• TASK OBJECTIVE:
Within the entries below, please return exactly the lines from the one with "เหรียญภาพถ่ายคู่ในเลี่ยมทองเก่าแบบโบราณ ร9.(เคาะเดียวแดง) |" through the one with "L’Agence France Travail", leaving out any pictures.

• SUPPLIED INFORMATION:
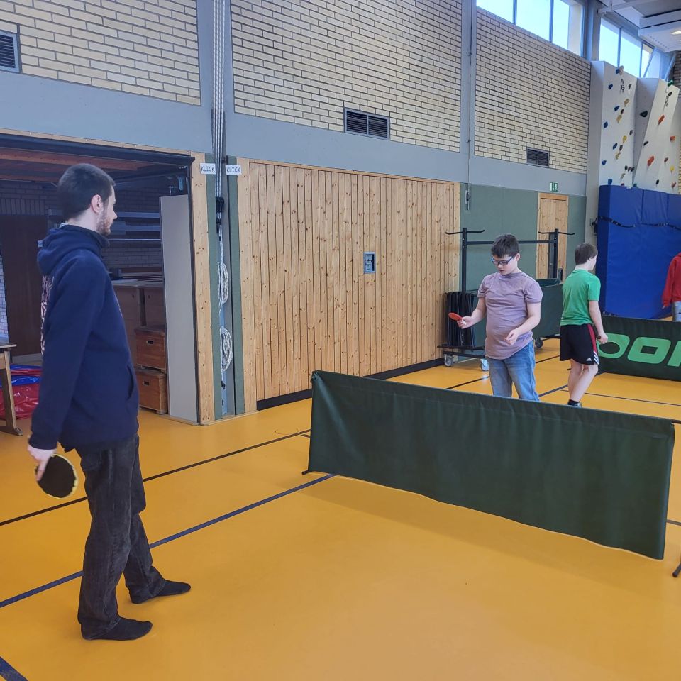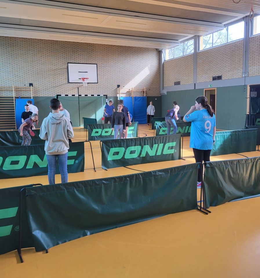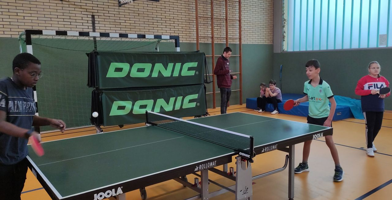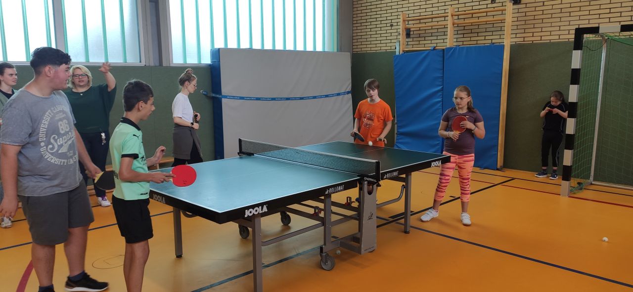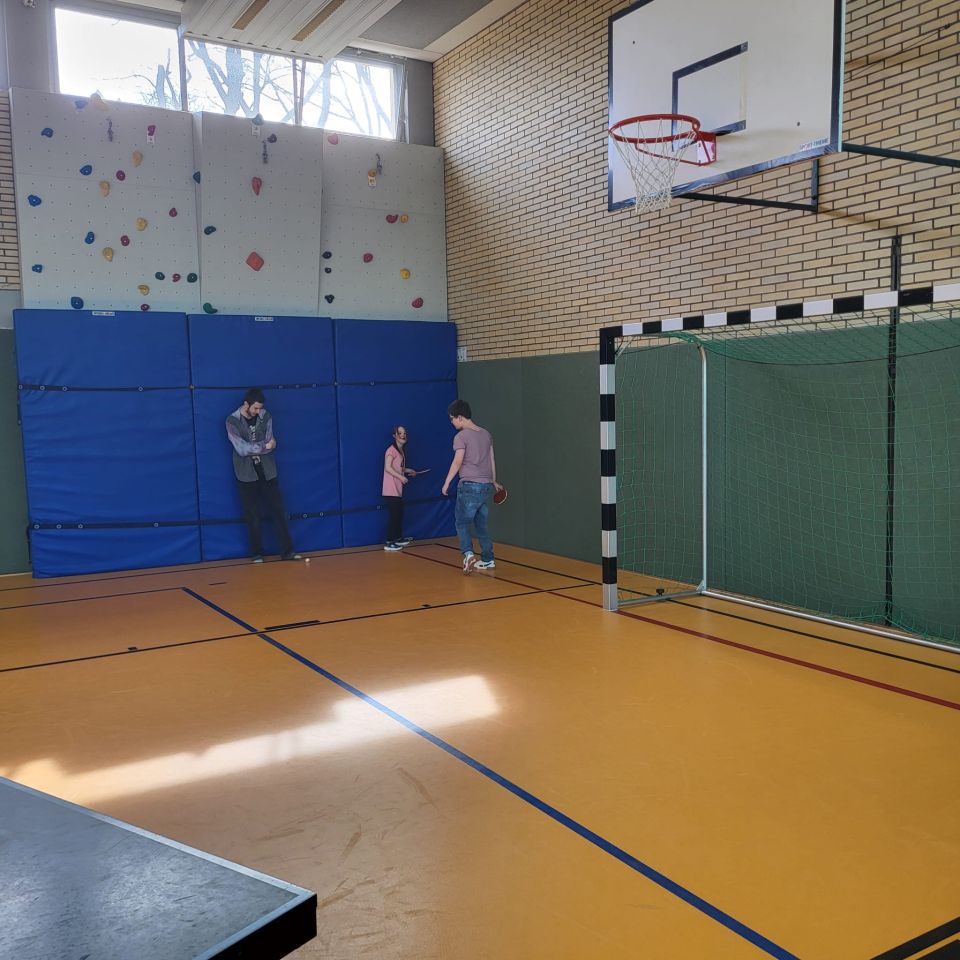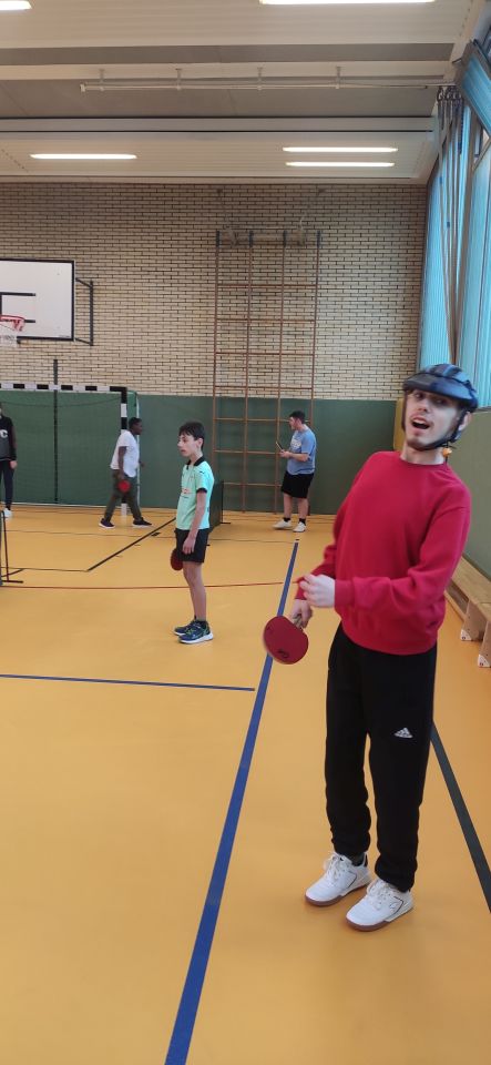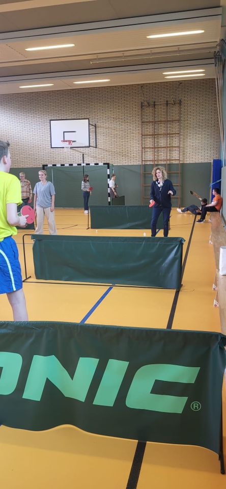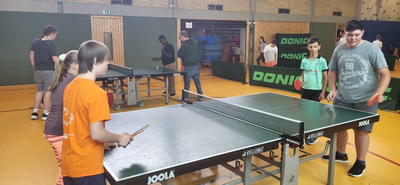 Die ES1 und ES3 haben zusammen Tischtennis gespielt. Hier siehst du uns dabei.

---

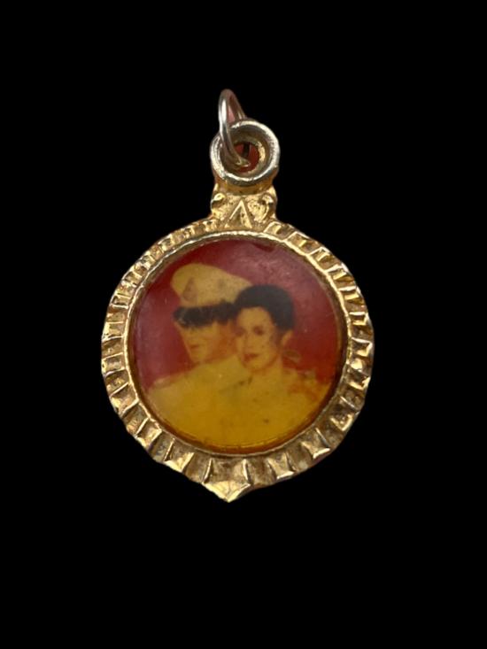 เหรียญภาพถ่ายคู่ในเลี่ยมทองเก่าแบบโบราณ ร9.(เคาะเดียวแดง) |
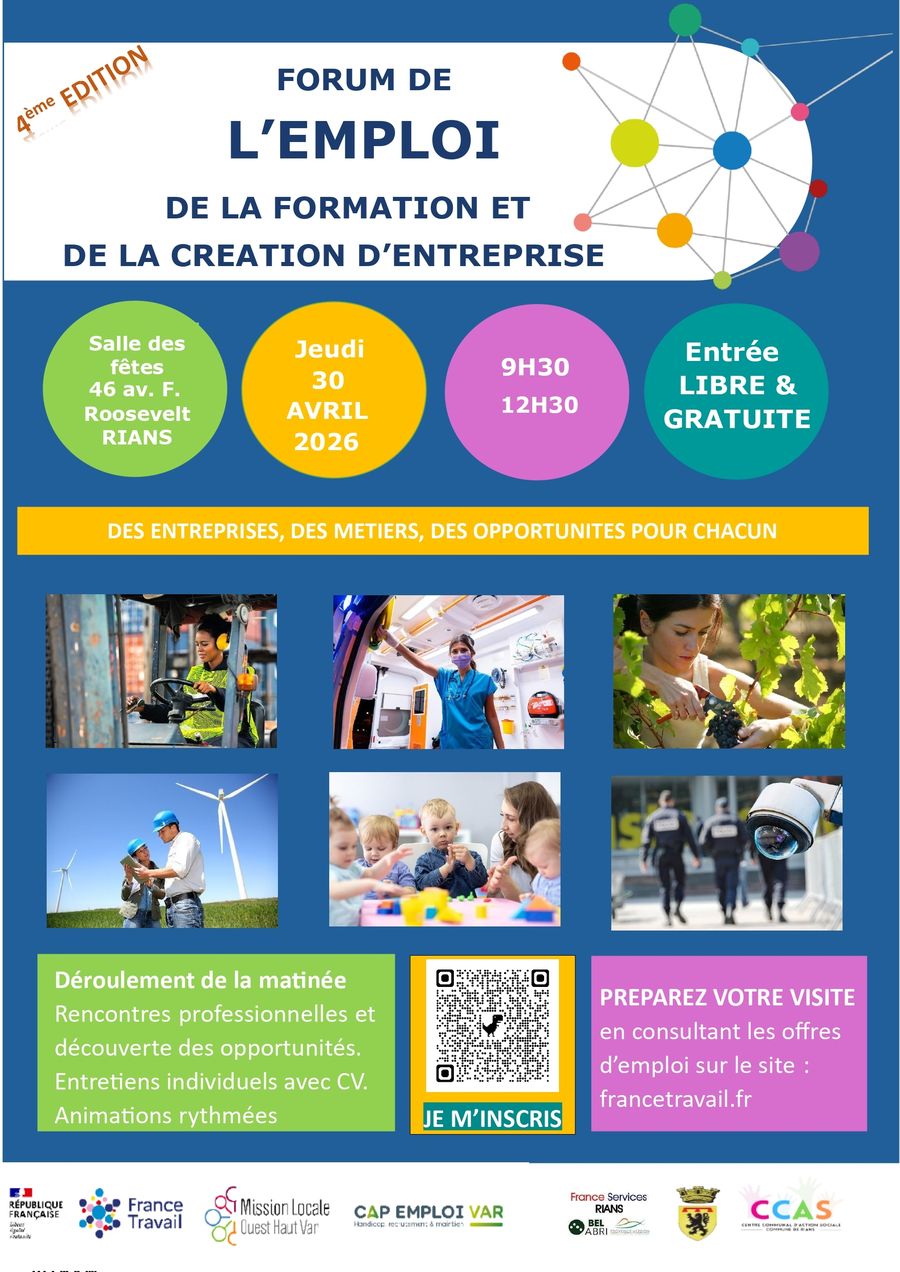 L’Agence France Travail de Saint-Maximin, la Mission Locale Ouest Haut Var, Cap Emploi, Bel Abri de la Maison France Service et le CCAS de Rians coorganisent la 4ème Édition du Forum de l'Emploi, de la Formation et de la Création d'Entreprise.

--

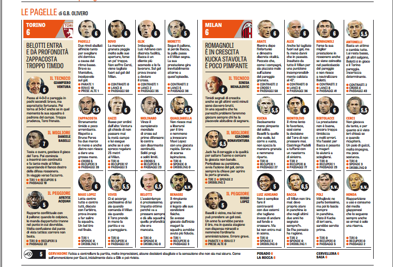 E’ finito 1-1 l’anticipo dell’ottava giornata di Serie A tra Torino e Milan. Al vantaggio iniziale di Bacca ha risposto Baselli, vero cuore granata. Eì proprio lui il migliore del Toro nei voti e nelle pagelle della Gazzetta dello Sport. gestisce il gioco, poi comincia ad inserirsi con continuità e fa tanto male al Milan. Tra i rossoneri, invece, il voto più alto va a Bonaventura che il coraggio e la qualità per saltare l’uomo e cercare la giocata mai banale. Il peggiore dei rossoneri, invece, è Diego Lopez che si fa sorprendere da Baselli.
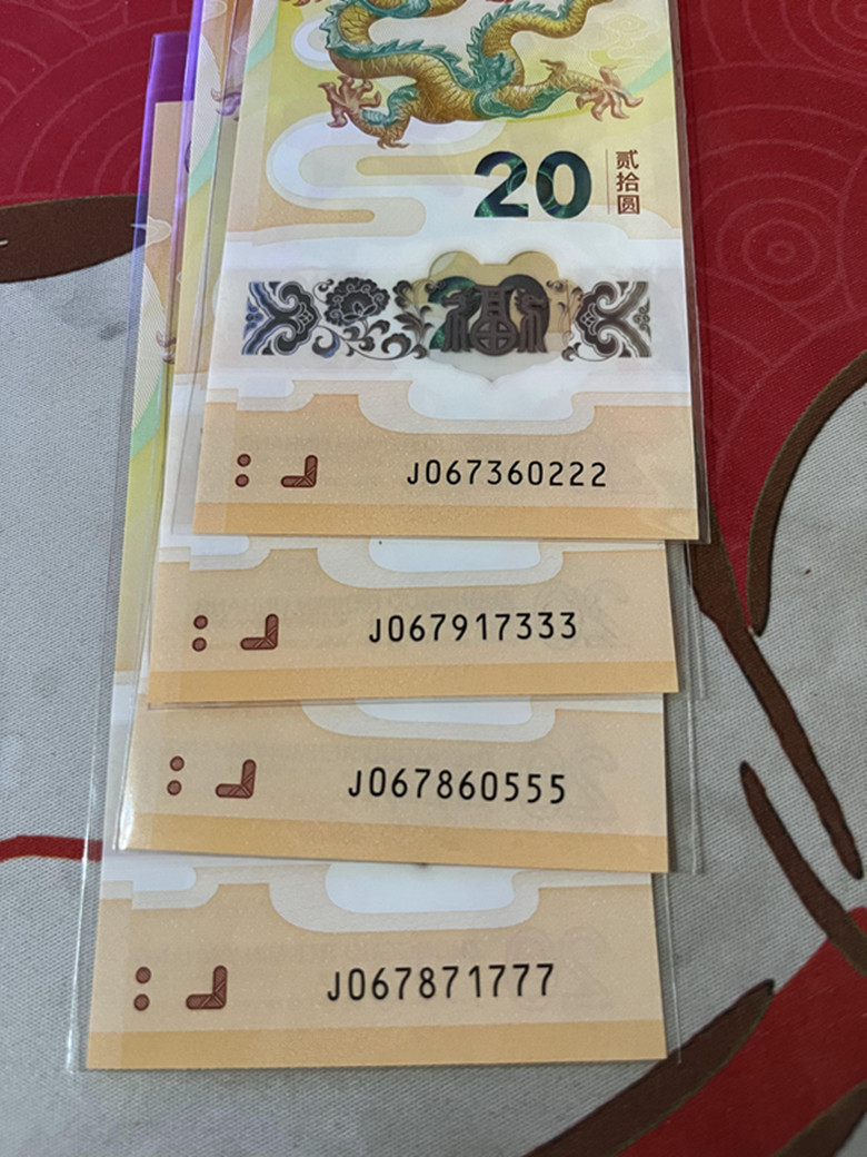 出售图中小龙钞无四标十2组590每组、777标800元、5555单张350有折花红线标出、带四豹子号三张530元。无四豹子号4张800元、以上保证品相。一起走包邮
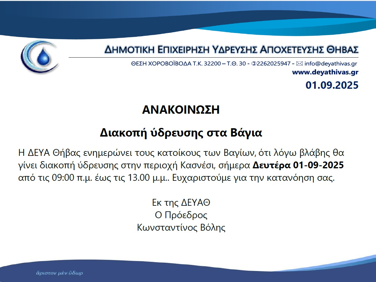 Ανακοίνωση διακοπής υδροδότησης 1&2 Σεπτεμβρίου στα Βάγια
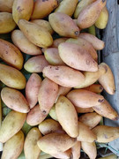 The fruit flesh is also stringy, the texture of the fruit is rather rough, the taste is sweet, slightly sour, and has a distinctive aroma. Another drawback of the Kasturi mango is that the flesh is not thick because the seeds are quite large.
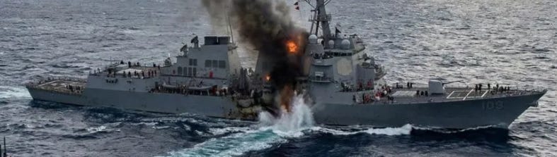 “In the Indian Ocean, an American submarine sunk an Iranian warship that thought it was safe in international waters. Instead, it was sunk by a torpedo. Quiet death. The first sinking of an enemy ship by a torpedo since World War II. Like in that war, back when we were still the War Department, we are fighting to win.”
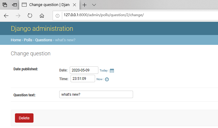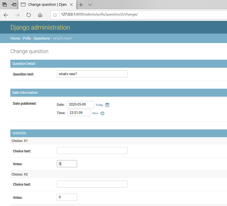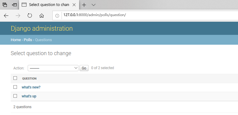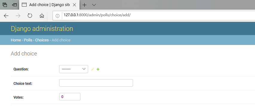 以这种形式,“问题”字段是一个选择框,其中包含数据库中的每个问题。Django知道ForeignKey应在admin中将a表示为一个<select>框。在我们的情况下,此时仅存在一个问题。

• SOLUTION TO THIS TASK:
 เหรียญภาพถ่ายคู่ในเลี่ยมทองเก่าแบบโบราณ ร9.(เคาะเดียวแดง) |
 L’Agence France Travail de Saint-Maximin, la Mission Locale Ouest Haut Var, Cap Emploi, Bel Abri de la Maison France Service et le CCAS de Rians coorganisent la 4ème Édition du Forum de l'Emploi, de la Formation et de la Création d'Entreprise.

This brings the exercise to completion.